GKN Automotive was one of the key partners of VentilatorChallengeUK. A rapidly-assembled consortium of UK technology businesses formed to make desperately needed medical ventilators for NHS hospitals, enabling medical staff to care for patients worst affected by the COVID-19 virus.
Experts from automotive, aerospace and medical sectors collaborated on this life-saving mission and then began working around the clock, with production ending on July 5th 2020. By this point the teams involved had delivered more than 13,000 ventilators, an incredible 12 years’ worth of normal production, achieved in just 14 weeks.
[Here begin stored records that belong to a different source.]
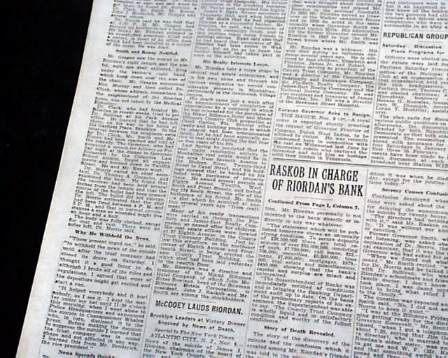 The top of the front page has a two column headline: "J. J. RIORDAN ENDS LIFE WITH PISTOL IN HIS HOME; HIS BANK DECLARED SOUND" with subheads. More on page 2 with photo of Riordan. Nice to have in the NYC publication.
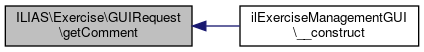 Here is the call graph for this function:| ILIAS\Exercise\GUIRequest::getComment | ( | ) |
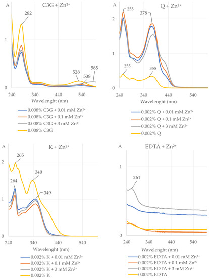 The UV–Vis absorption spectra (with indicated maximum absorption) of cyanidin 3-O-β-galactoside (0.008% C3G), quercetin (0.002% Q), kaempferol (0.002% K), and ethylenediaminetetraacetic acid (0.002% EDTA) alone and after addition of divalent ions of zinc (Zn2+) at the concentrations of 0.01, 0.1, and 3 mM at pH 5.5. The shift of the maximum absorption after addition of Zn2+ to the solution of the investigated compound indicates that this compound chelated these ions. A, absorbance.
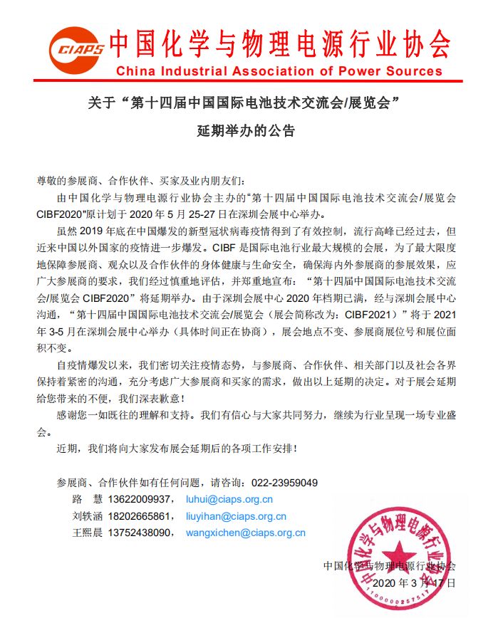 根據(jù)電池展設(shè)計搭建公司領(lǐng)藝展覽了解到,由中國化學(xué)與物理電源行業(yè)協(xié)會主辦的“第十四屆中國國際電池技術(shù)交流會/展覽會CIBF2020"原計劃于2020年5月25-27日在深圳會展中心舉辦。由于深圳會展中心2020年檔期已滿,經(jīng)與深圳會展中心溝通,“第十四屆中國國際電池技術(shù)交流會/展覽會(展會簡稱改為:CIBF2021)”將于2021年3-5月在深圳會展中心舉辦(具體時間正在協(xié)商),展會地點不變、參展商展位號和展位面積不變。。如需電池展展會設(shè)計請聯(lián)系領(lǐng)藝展覽,希望我們能在電池展搭建上為您添磚加瓦,祝各位朋友收獲多多,滿載而歸!
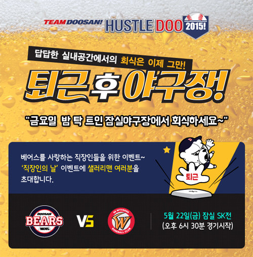 프로야구 두산베어스가 22일(금) 잠실에서 열리는 SK와의 홈경기에 ‘직장인의 날-퇴근 후 야구장으로!’ 특별 이벤트를 실시한다.
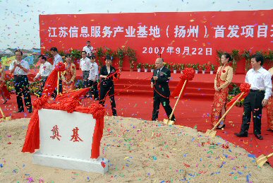 日前,江蘇信息服務(wù)產(chǎn)業(yè)基地(揚(yáng)州)首發(fā)項(xiàng)目開工典禮在廣陵新城隆重舉行,這標(biāo)志著產(chǎn)業(yè)基地建設(shè)邁入了實(shí)質(zhì)性階段。揚(yáng)州市人民政府市長(zhǎng)王燕文和天津泰達(dá)公司董事長(zhǎng)劉惠文為奠基石揭幕,市委常委、常務(wù)副市長(zhǎng)王榮平致賀詞,江蘇省信息產(chǎn)業(yè)廳副廳長(zhǎng)龔懷進(jìn)出席了開工典禮。
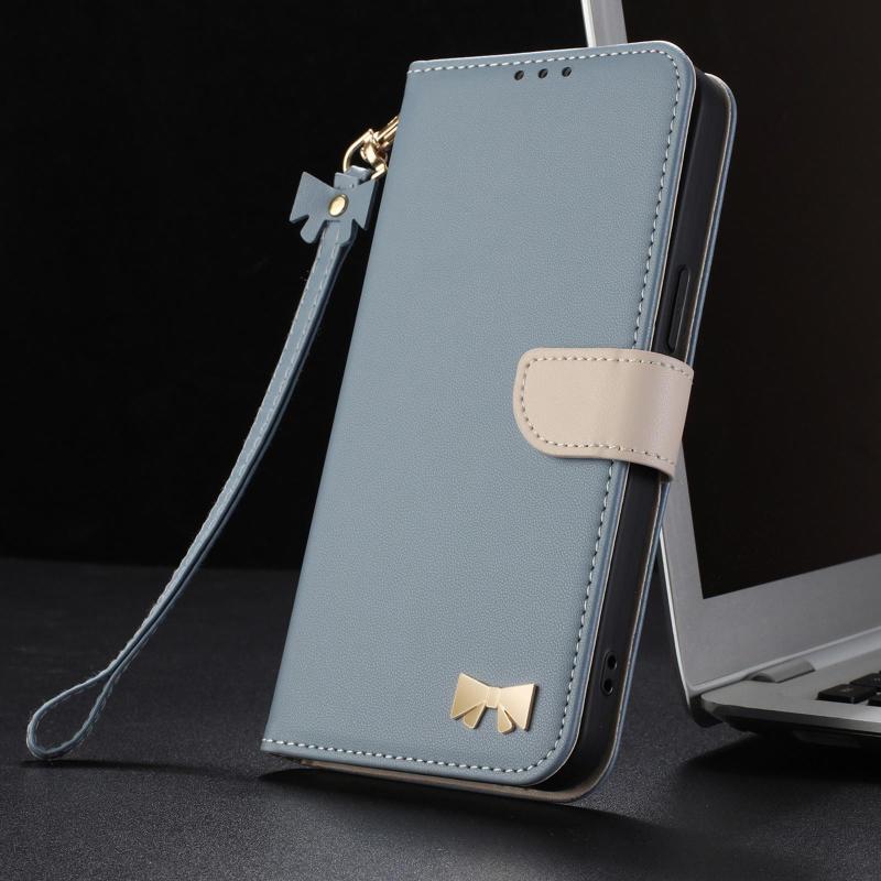 For Honor 90 Pro 5G Metal Bow Leather Phone Case with Hand Strap(Light Blue)
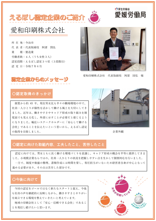令和7年4月1日以降、愛媛県内で6社がえるぼし認定を取得しており、認定企業が増加しています。
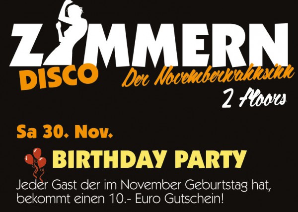 | Birthday Party @ Disco Zimmern - Mainarea & Jukebox Jeder Gast der im November Geburtstag hat, bekommt einen 10,- Euro Gutschein !!! Mainarea: Best Of House & Charts - wir feiern die beste Party! Jukebox: Gute-Laune-Mix (ClassicRock, Fetenhits & Partysound) Doors: 21.00 Uhr Einlass ab 16 Jahren! U18 mit Erziehungsbeauftragung - Ausweiskontrolle! |
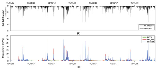 (A) Daily measured rainfall data sets from Mt. Chachao and Fena Lake rain gauge stations, and (B) observed, simulated daily streamflows, and the estimated 95% model uncertainty at USGS Pago River station (16,865,000) for the calibration period (2012–2018).
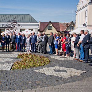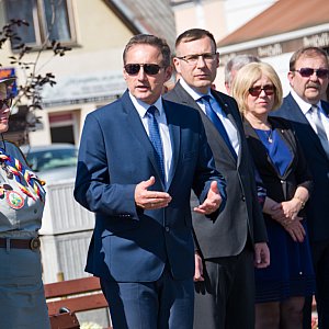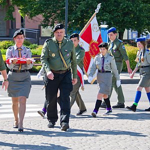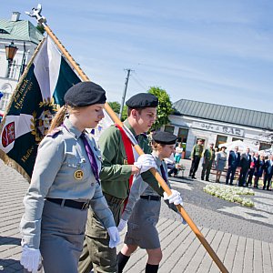W słoneczne popołudnie na wzgórzu zamkowym zebrały się władze miasta oraz zaproszeni goście - przedstawiciele rządu i samorządów, przyjaciele z miast partnerskich - Gródka Podolskiego na Ukrainie i angielskiego Melton, dyrektorzy i pracownicy miejskich instytucji, liczna grupa harcerzy. Jak zawsze na początku, po powitaniu gości, głos zabrał przewodniczący Rady Miasta Sylwester Kaczmarek
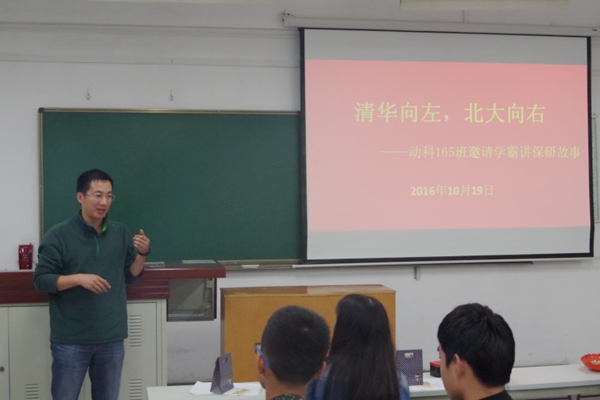 为让新生深入了解保研学子的优秀风采,交流学习经验,做好学业规划,10月19日晚,动科165班开展了一堂主题为“清华向左,北大向右”的主题班会。保研至清华大学的动科132班刘栋梁、保研至北京大学的动科131班董明月受邀与大家畅聊保研经验与学习感悟。动科165班班主任杨雨鑫老师,2016级辅导员闫颢芯老师参加了本次班会。
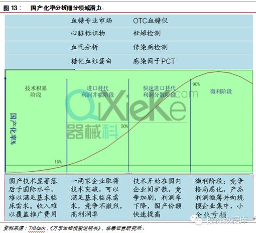 我们建立国产化率的分析模型来分析POCT各个细分领域的潜力。国产化率在10%-50%之间是最佳的投资阶段。低于10%反映国内技术不成熟需要较长的技术积累,不确定性较大。高于50%,竞争格局趋于恶化,企业将面临成长的天花板。
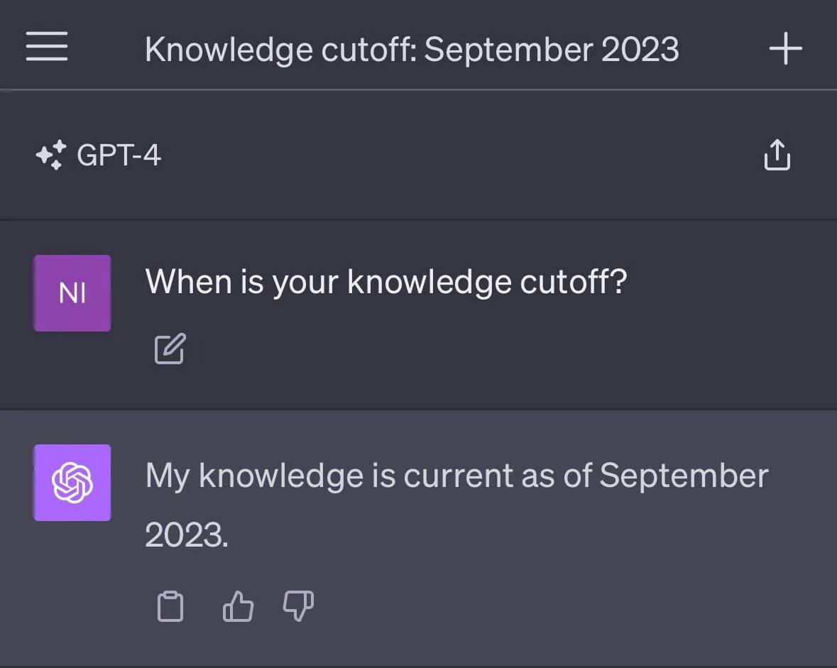 Algunos usuarios han reportado discrepancias en las fechas de corte del conocimiento de ChatGPT: en algunos casos, la IA afirma tener acceso a datos actualizados a fecha de septiembre de 2023, cuando hasta ahora lo normal es que dicha fecha fuera enero de 2022.

GKN Automotive’s Innovation Centre in Abingdon, UK, played a crucial role in this mammoth effort, rising to the challenge by providing end of line testing and quality approval, before final shipment.
‘I still can’t believe we did it’ said GKN Automotive’s Innovation Centre Engineering Site Manager, Gordon Day. ‘The sheer intensity of it over such a short duration. It was a whirlwind.’
Half of the Innovation Centre’s 50 staff were employed on the VentilatorChallengeUK, from a cross-section of the business, including interns and apprentices, right the way through to the site’s senior engineers. The GKN Automotive team based at the site was assisted by a further 95 volunteers.
Dr. Caroline Wood, Skills Development Manager at the GKN Automotive Innovation Centre said ‘We invited people, with other skills and from other companies. We even had a professional golfer and the director of a biotech company. Our team made them extremely welcome and everyone was more than generous with their knowledge. There was great feedback about the leadership, team culture and how we dealt with health and safety. I’ve already had CVs from people who want to work here full time.’
Culture and leadership were crucial to the project, according to Gordon. ‘It played well to our R&D culture. The willingness of teams to optimise things, then getting gratification from real-time results. Plus, the human performance aspect and working with the team in a constructive way to smash down constraints. We learnt a lot about performance management.’
According to the Engineering Site Manager, as well as immense pride, the site has taken away much to help the day to day development of GKN Automotive eDrive technologies. ‘We have acknowledged just how fast and agile we can be, proving there’s always extra performance on tap. With urgency, and a can-do attitude, vast amounts can be achieved.’
Caroline, too, is already embracing new insight. ‘It’s bolstered our culture of continuous improvement, how things can be done more efficiently. It’s the GKN Automotive way. During the Challenge many people said to me “I can’t stop engineering things for the better, it’s what I do” and they’re still saying it now.’